Billionaire CEO of SpaceX and Tesla Elon Musk’s attempt to purchase Twitter appears to be floundering, but the backlash facing both the social media giant and the billionaire remains strong.
The financial markets have reeled in the wake of the purchase bid being announced on April 25. On the day the purchase offer was announced, Tesla was worth $998.02 per share and Twitter traded for $51.70 per share. As of June 9, Tesla had lost more than 27.9% of its value and Twitter’s overall value dropped by nearly a quarter.
In his letter offering to purchase the social media behemoth, Musk told Twitter’s board of directors, “I believe in [Twitter]’s potential to be the platform for free speech around the globe, and I believe free speech is a societal imperative for a functioning democracy.”
While the sentiments these words convey are admirable, Musk’s reputation as a keyboard warrior and his statements touching on free speech issues has many worried. A recent OnePulse survey states more than 55% of respondents believe Elon Musk has his own interests in mind and do not trust him to advocate for free speech following a takeover. Most, however, have no plans to leave the platform if Musk gains control.
HateLab, a global hub for data and insight into hate speech and crime, published findings that show hate crimes are often triggered by online speech. “This research shows that online hate victimization is part of a wider process of harm that can begin on social media and then migrate to the physical world,” the report states.
Professor Matthew Williams, chair in criminology at Cardiff University and the Director of HateLab, says their research demonstrates “a consistent link between Twitter hate speech” and “offences that happen offline.”
“Until recently, the seriousness of online hate speech has not been fully recognized,” Williams said. “These statistics prove that activities which unfold in the virtual world should not be ignored.”
Limits to unfettered free speech, which many nations have in place, are necessary. Even in the United States, where freedom of speech is revered, such freedom has limits. “You can’t eliminate hate. You can’t force people to stop being hateful, but platforms can have policies that protect minorities and marginalized people from that hate—especially when that hate goes beyond words to possible actions,” said Nina Nguyen, sex educator and founder of sexuality blog Fraulila. “Twitter’s policies have helped make the platform a slightly safer place for queer people, especially trans individuals who are the most marginalized minority in the LGBTQ+ community.”

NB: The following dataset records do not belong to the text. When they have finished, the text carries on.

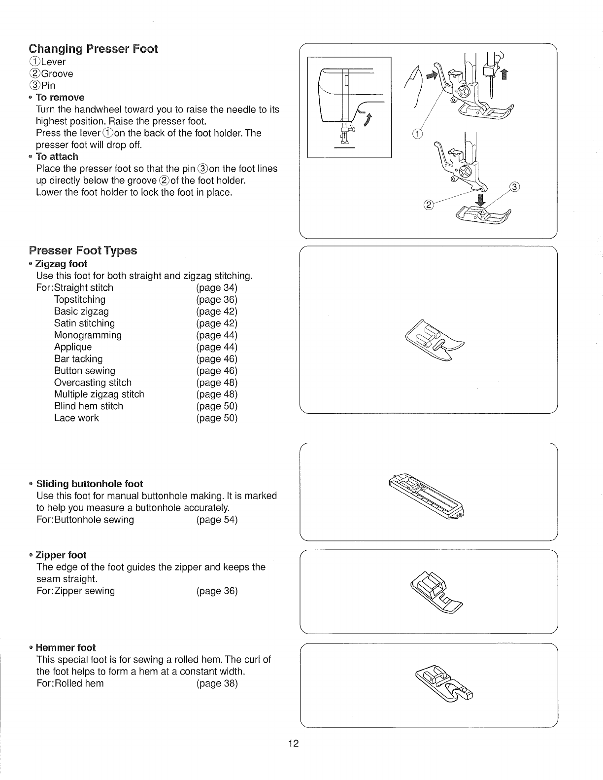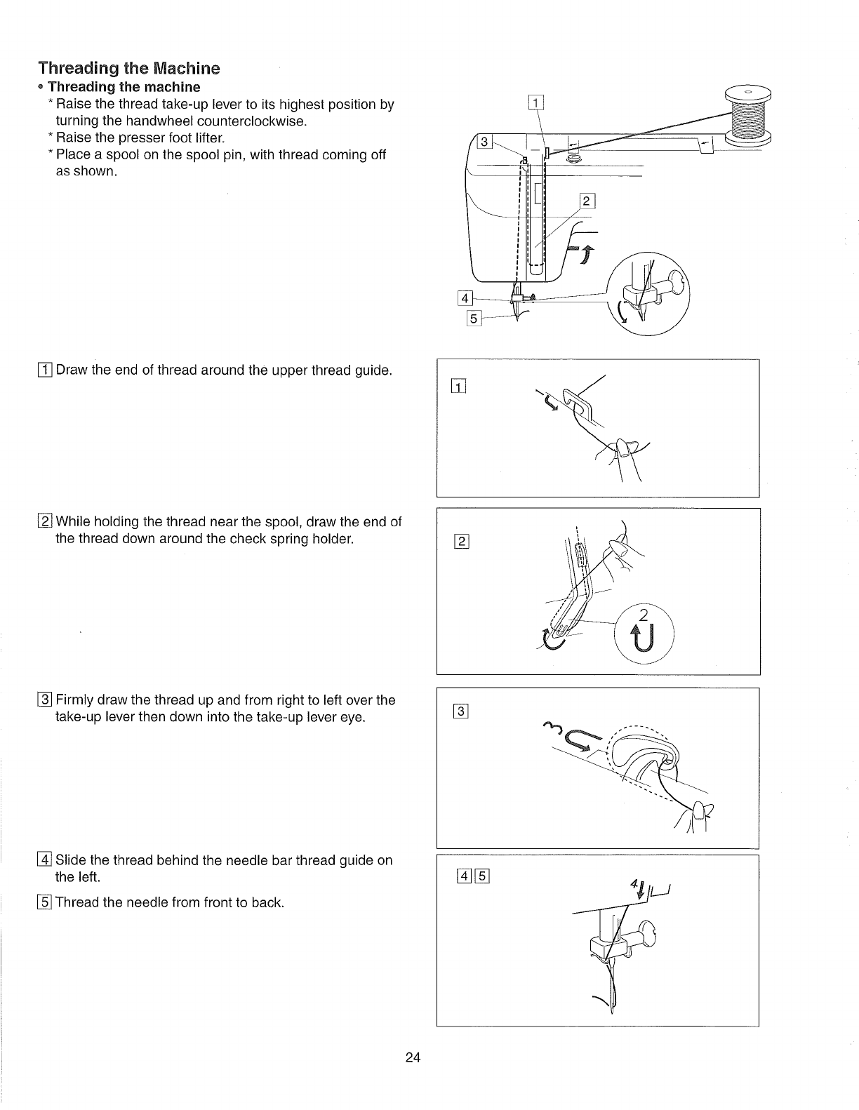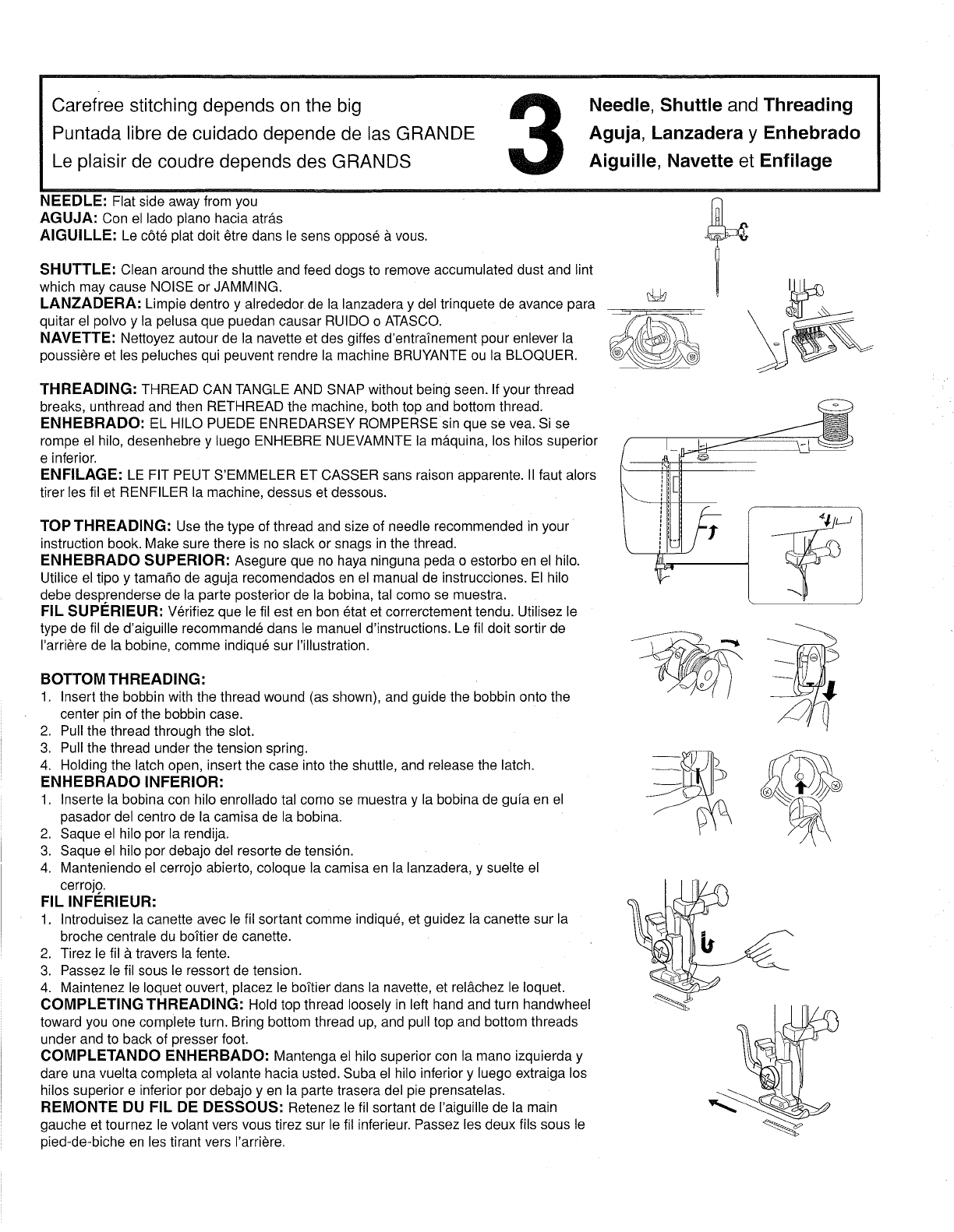 changing the needle, threading the bobbin, changing the presser foot, and the like.
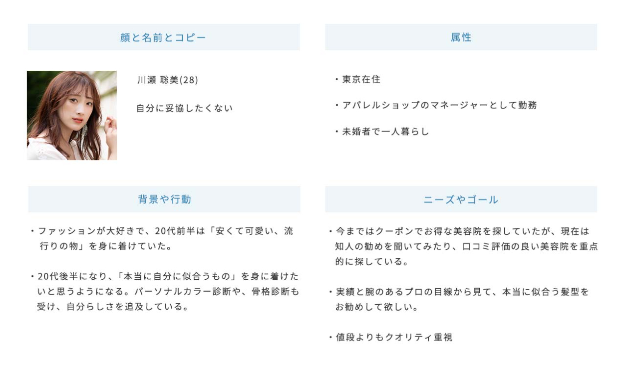 クライアントからの要件を元に、より詳細にターゲットを絞るため、ペルソナを設定しました。
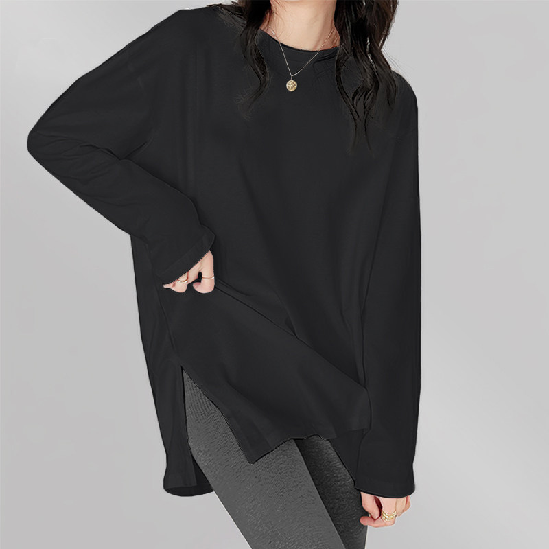 春秋莫代尔长袖打底衫女圆领休闲大码纯色上衣宽松T恤衫薄款秋衣
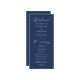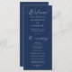 Dieses Hochzeitsprogramm zeichnet sich durch eine elegante weiße Kalligraphie auf einem reichen marinen Hintergrund aus und schafft ein modernes und raffiniertes Design, das den Ton für Ihre Zeremonie Set. Paare können das Programm mit Namen, Hochzeitstag und Zeremonie Details in fett weißer Schrift personalisieren, um eine klare und stilvolle Präsentation zu gewährleisten. Die Rückseite zeigt elegant die Namen Ihres Brautparty an und fügt diesem unverzichtbaren Hochzeitsdetails eine persönliche Touch hinzu. Dieses Hochzeitsprogramm ist perfekt für lässige und formelle Hochzeiten geeignet und verbindet Einfachheit und Eleganz. Es ist eine zeitlose Ergänzung zu jeder Feier, egal zu welcher Jahreszeit.

Nguyen continues, “You cannot be free to send death threats or harass someone based on their identity, but it seems like people will have that freedom on Twitter if the sale goes through. If someone is openly attacking a marginalized community or a specific person, who’s going to put a limit to that? What if it’s thousands of people instead of just one?”
Even the most prolific of hate-mongers have hope under a Musk-run Twitter. In an interview with The Financial Times, Musk said, “I do think it was incorrect to ban Donald Trump. I think that was a mistake because it alienated a large part of the [United States] and it did not ultimately result in Donald Trump not having a voice.”
Frederic Lebeuf, founder of the street art blog Bombing Science, told Paste that he doesn’t think buying Twitter will stem the tide of sexual harassment and manipulation, adding, “Given the claims made by former employees that Musk’s company was misogynistic and transphobic, it doesn’t bode well for Twitter.”
Musk did not respond to a request for comment.
Even in places where safety feels like the norm, violence and abuse, often propelled by hate speech online, are no stranger to the LGBTQ+ community. Galop’s 2021 Hate Crime Report found that in the UK roughly two-thirds have experienced verbal abuse and physical or sexual violence.
One respondent shared that they and their trans child “were threatened, humiliated, and verbally abused by male drinkers outside a busy pub on the main street.” A full 60% of these Galop respondents said they have suffered online abuse.
These actions can go beyond verbal intimidation to long-lasting physical effects. Another respondent shared that they “still have to walk with crutches because there is no feeling in my right leg.” These attacks can lead to PTSD, depression, and suicide—among other negative outcomes.
For the safety of the public, Twitter should embrace Musk’s current purported ambivalence and let him retract his offer to purchase the social media platform.
James De Lise is a writer and an advocate for human rights, leveraging blended experiences in nonprofit management, marketing, and hospitality with an educational background in English, culinary arts, and law. Whenever James isn’t writing or promoting human rights, he can usually be found walking his dog, writing, or traveling—he might even, begrudgingly, go for a run.